Provider : Barcelona Supercomputing Center
Supercomputing efficiency of a simulation code is a multiplicative combination of different aspects.
Efficiency is attained by focusing on the different aspects, notably choosing the proper algorithms to implement and their correct implementation. Moreover, due to Amdahl’s Law, eliminating a bottleneck automatically points to the next one, which can be in a different “box”, i.e., by improving an aspect of the Parallel Efficiency one can discover that the next problem is in the Computational Scalability side.
In the Alya Development Team, shared between the Barcelona Supercomputing Center and its spinoff company ELEM Biotech, we are very aware of this important aspect. We take good care not only on the code accuracy but also on the parallel efficiency. Our cardiac computational model involves fluid mechanics, electrophysiology and solid mechanics of both tissue and biomaterials, all problems tightly coupled. Coupling comes as fluid-solid-interaction, immersed boundary methods, contact problems, or electromechanical coupling, with supplementary solution of particle transport or species concentration. All these problems must be coupled without losing the parallel efficiency of the individual Physics, requiring a specific effort when implementing the coupling schemes. In our case, coupling is based on a staggered multi-code coupling, in which different instances of Alya run using point-to-point MPI communication schemes employing communicators to group the different MPI tasks in an efficient way. Additionally, the different individual instances can run by off-loading part of work onto accelerators such as GPUs. In this way, a multi-physics simulation can run on heterogeneous systems made of CPUs hosting GPUs.
BSC is involved in the development of a RISC-V accelerator, leveraging a wide vector processing unit, in collaboration with the European Processor Initiative (EPI), a European project that conducts research to advance High-Performance Computing (HPC) through the development of European technology. EPI aims to develop a general- purpose processor and a RISC-V-based accelerator. Efficient exploitation of the vector architecture is crucial for harnessing the computational power provided by the new design.

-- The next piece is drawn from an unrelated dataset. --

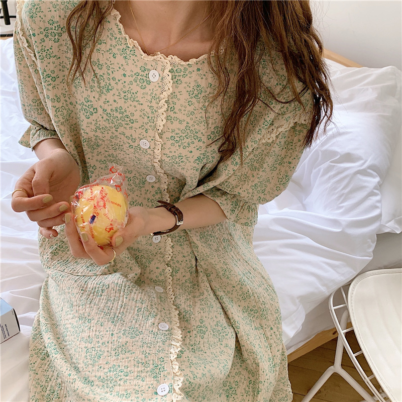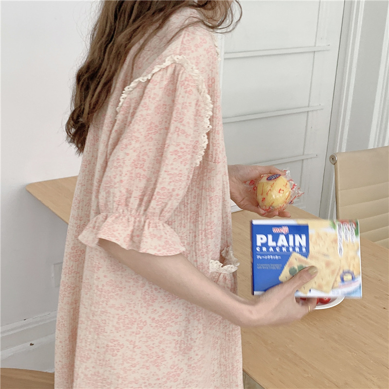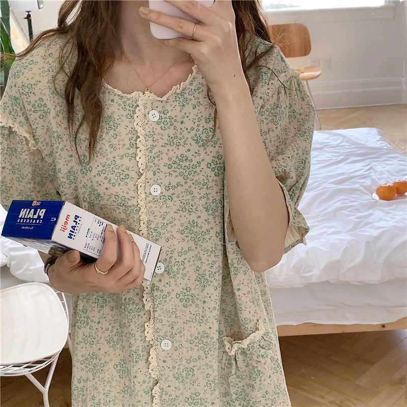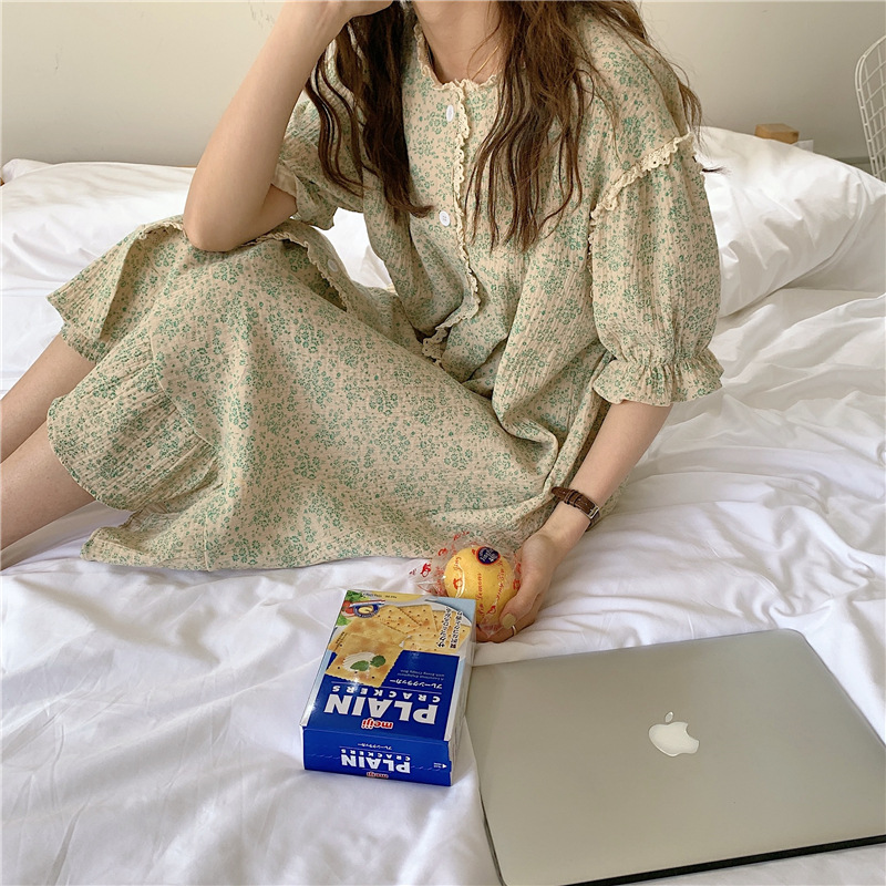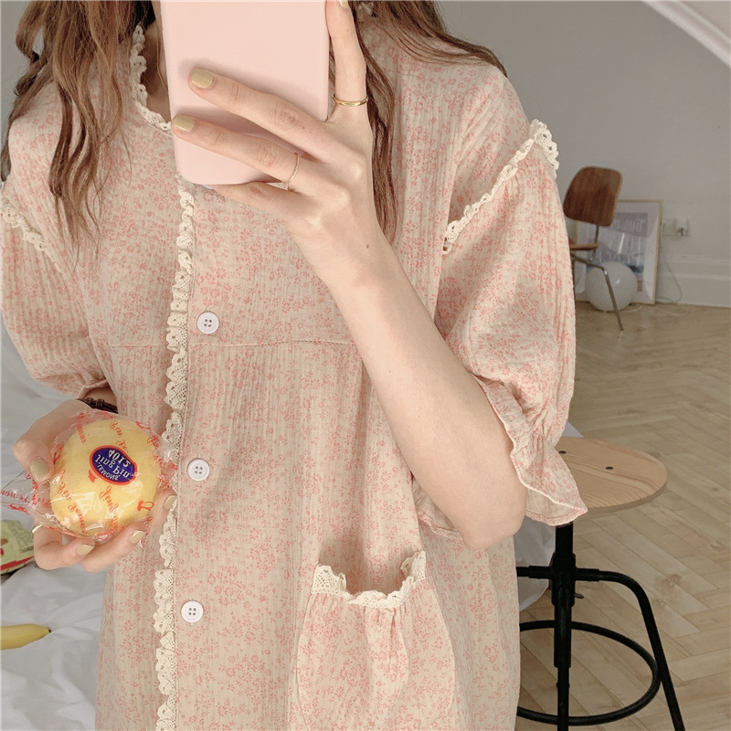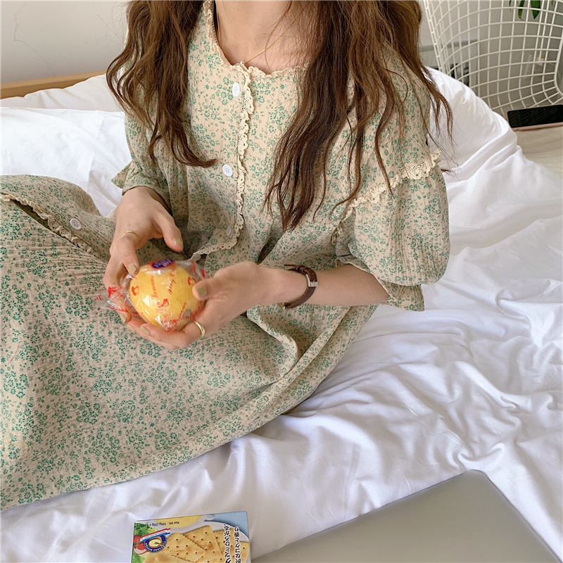 标题:ins日系蕾丝碎花棉纱布睡裙女夏季短袖开衫宽松睡衣家居服可外穿

In this co-design collaboration, we used Alya as the computational challenge to efficiently run on the EPI vector accelerator. We considered a computationally intensive part of Alya (the solver) and demonstrated that, after careful study and improvement, it can fully leverage a vector architecture while maintaining its portability.
This project can be summarized through the following items:
The scalar execution information is extracted using the FPGA-SDV performance analysis tools. In particular, the hardware counters are read using the PAPI library.
The metrics used for scalar analysis together with the value limits are the following:
The information about vector instructions is extracted using the Vehave emulator and later converted to a trace format. When running in the FPGA, the timings of these vector instructions are extracted using hardware counters.
The metrics used for vector analysis are the following:
To gain a deeper understanding of the instructions, we considered an instruction hierarchy for later analysis purposes to classify each instruction into a type. The instruction hierarchy tree is shown in the figure below. The box Vector aggregates the instructions executed on the vector processing unit. Vector configuration instructions are the instructions that configure the vector length and element width of the vector processing unit at run-time. Control lane vector instructions include all vector instructions that do not compute any arithmetic values or communicate with memory, such as moves, shifts or sign extensions.
The overall conclusion from our general performance evaluation for this particular Alya kernel is that the VECTOR_SIZE240 configuration is the faster configuration when running in the Vector Processing Unit (VPU), achieving a speed-up of 7.6× over the scalar execution. The trend is that a RISC-V processor would provide a substantial improvement in terms of speed-up. We will extend this report in the final conclusions of the project.
BSC’s start-up company, ELEM Biotech, is carrying out the porting of some specific kernels of Alya to GPUs. ELEM was created in 2018 to co-develop with and commercialize modelling and simulation R+D coming from BSC for the biomedical domain. In particular, Alya is the core simulation software used by ELEM’s Virtual Human’s platform.
The specific GPU porting done by ELEM in collaboration with BSC is for Alya’s electrophysiology module, focusing on three kernels, which represent the heaviest part of a typical electrophysiology run:
We have extracted the kernels and converted them into mini-apps, porting them using OpenACC in Fortran subroutines compiled using the NVIDIA Fortran compiler. We have tested and assessed the speed-up in the three mini-apps, which is positive in all cases. Today we are fusing the ported mini-apps back into the production Alya code and starting the testing of production runs.